In Example 2.6 function twice is a higher order function as it expects a function as its first parameter. The interpretation of the signature for twice is that it returns an Integer as its value. Two parameters are required, the second of which is an Integer. The first parameter is the function parameter. Its signature is Integer -> Integer showing that we expect a function of this type as the first actual parameter. The effect of twice is to repeatedly apply the function to the numeric parameter.

Example 2.6: Simple higher order closure function

    // triple:: Integer -> Integer
final Closure<Integer> triple = { final Integer x -> 3 * x }

    // quadruple:: Integer -> Integer
final Closure<Integer> quadruple = { final Integer x -> 4 * x }

assert triple(2) == 6
assert quadruple(3) == 12

    // twice:: (Integer -> Integer) * Integer -> Integer
final Closure<Integer> twice = { final Closure<Integer> f, final Integer x ->
  return f(f(x))

assert twice(triple, 2) == 18
assert twice(quadruple, 3) == 48

Perhaps one of the more important characteristics of functions is composition, wherein you can define one function whose purpose is to combine other functions. Using composition, two or more simple functions can be combined to produce a more elaborate one. For example, suppose we have two arithmetic functions f and g, as in z = f(t) and y = g(t).
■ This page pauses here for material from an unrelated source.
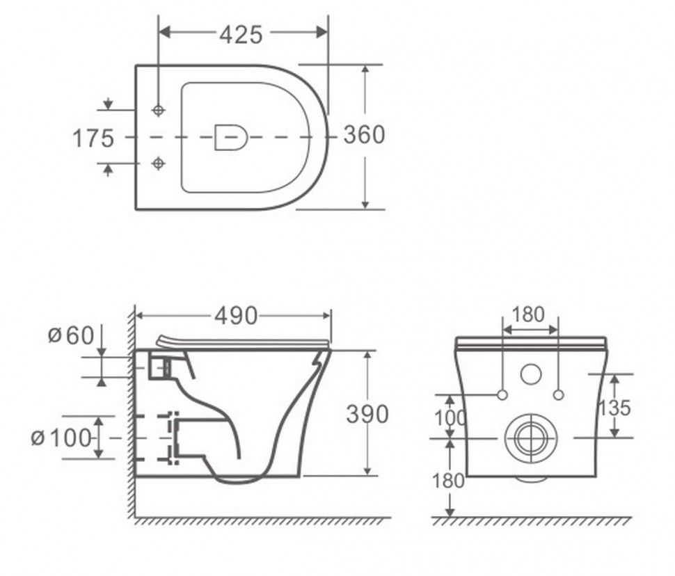 Унитаз CeramaLux 2619E подвесной с сиденьем Микролифт купить
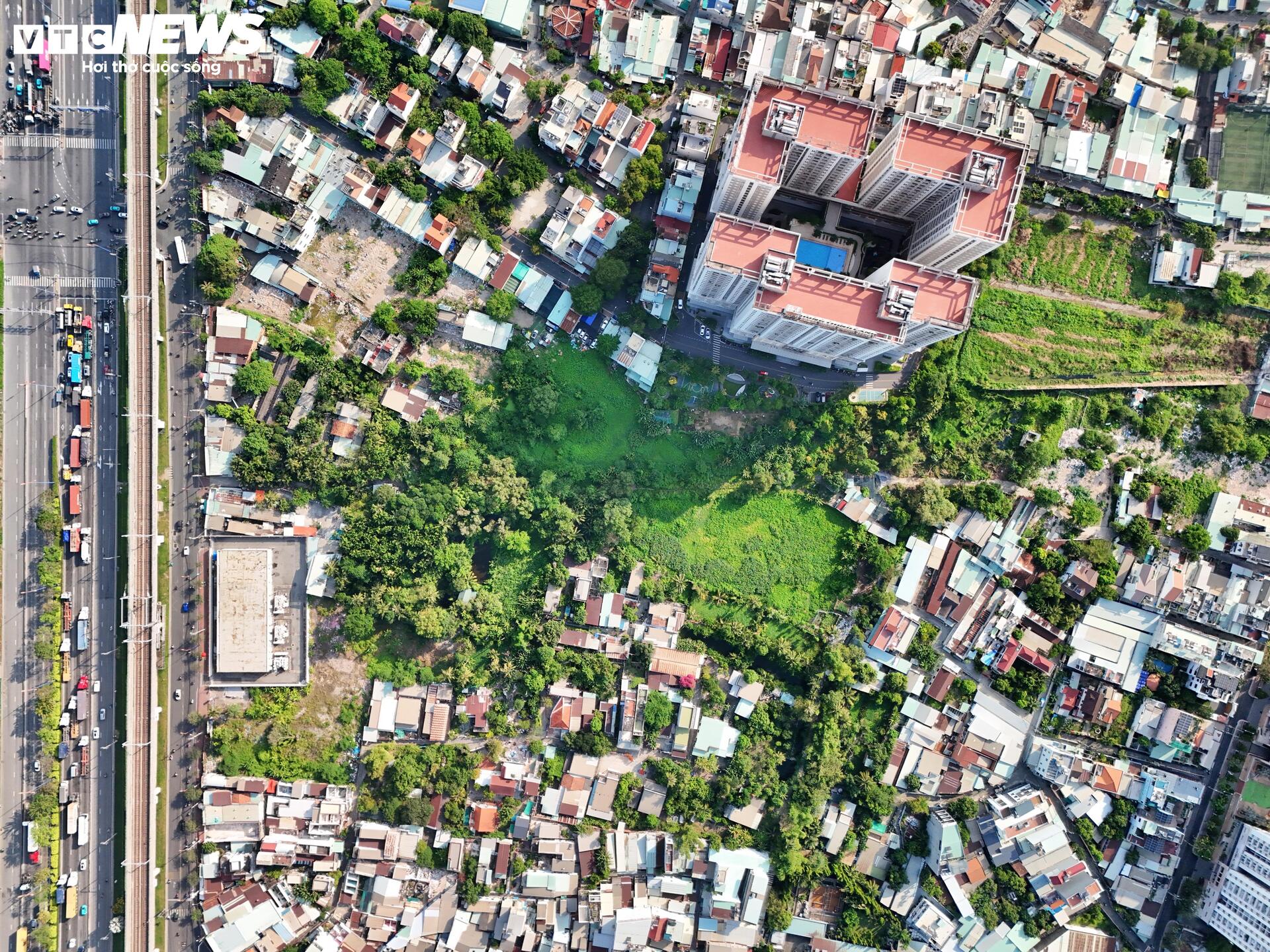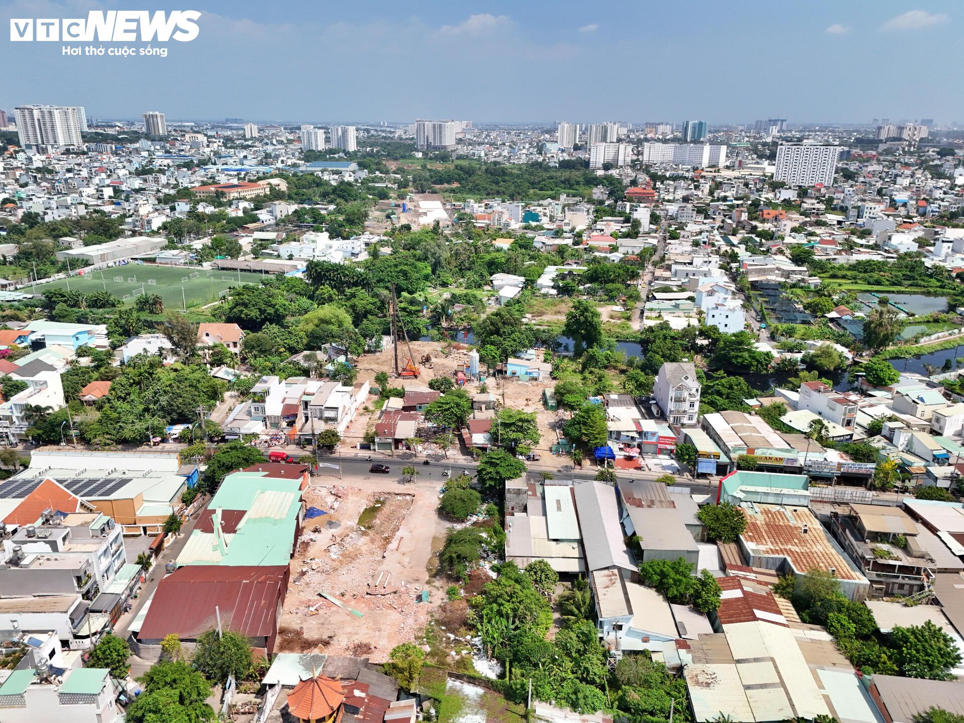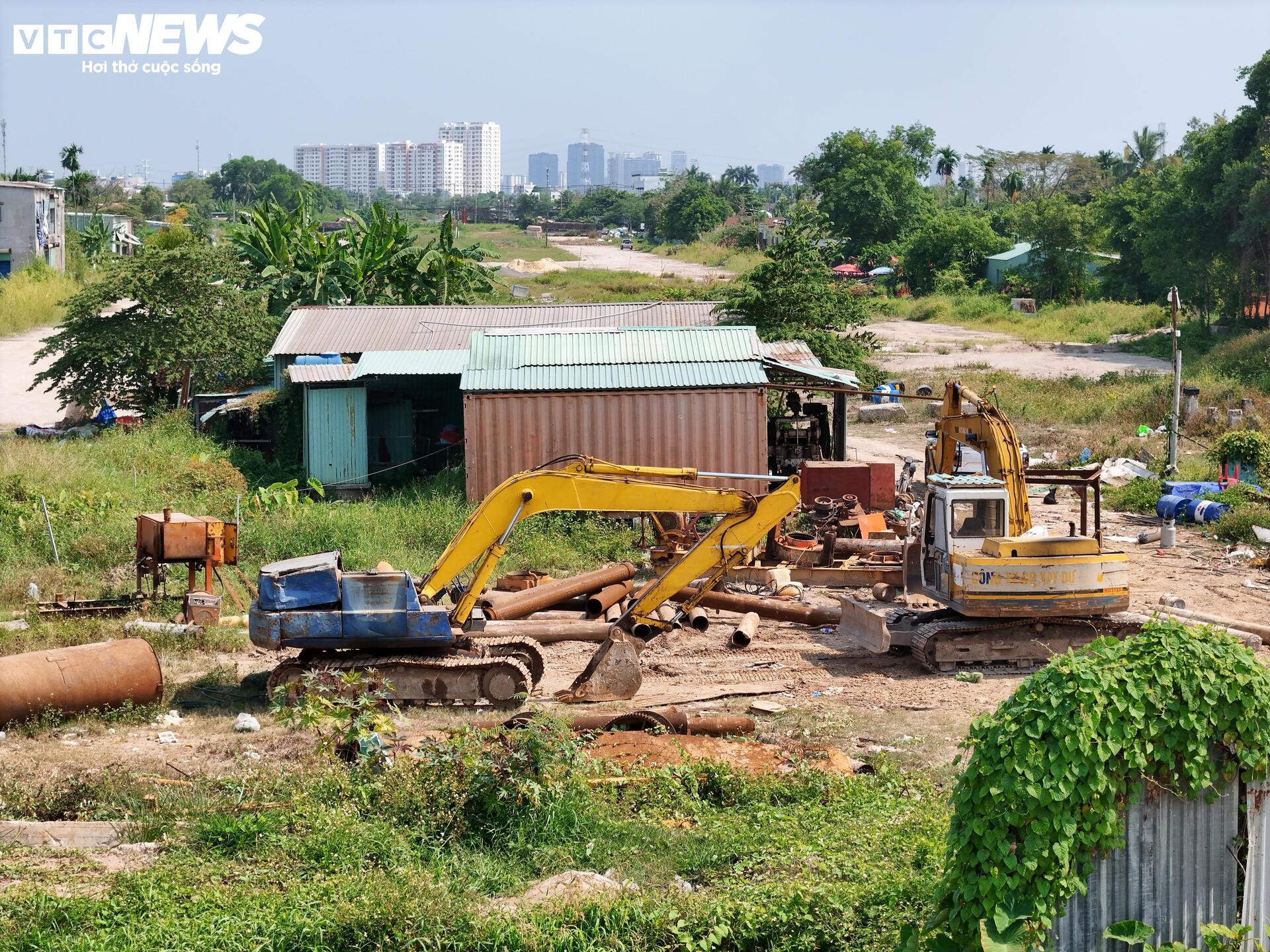 Theo ghi nhận, khu vực nút giao với đường Phạm Văn Đồng (địa bàn TP Thủ Đức cũ) vẫn còn hàng chục hộ dân chưa di dời, khiến công tác giải phóng mặt bằng chưa thể hoàn tất.

One way of composing these two functions would be to first compute y, and then to compute z from y, as in y = g(x) followed by z = f(y). One could get the same result with the single composition written z = f(g(x)). We write this as f g, meaning function f composed with function g.

Function composition lets us compose a solution by combining separately designed and implemented functions. Structuring a large solution into separate functions simplifies the programming activity. The functions can be defined, implemented and tested separately. Simple functions can be used to construct more elaborate functions, reducing the burden and complexity of a system. The functions can also be defined for one application and re-used in other applications.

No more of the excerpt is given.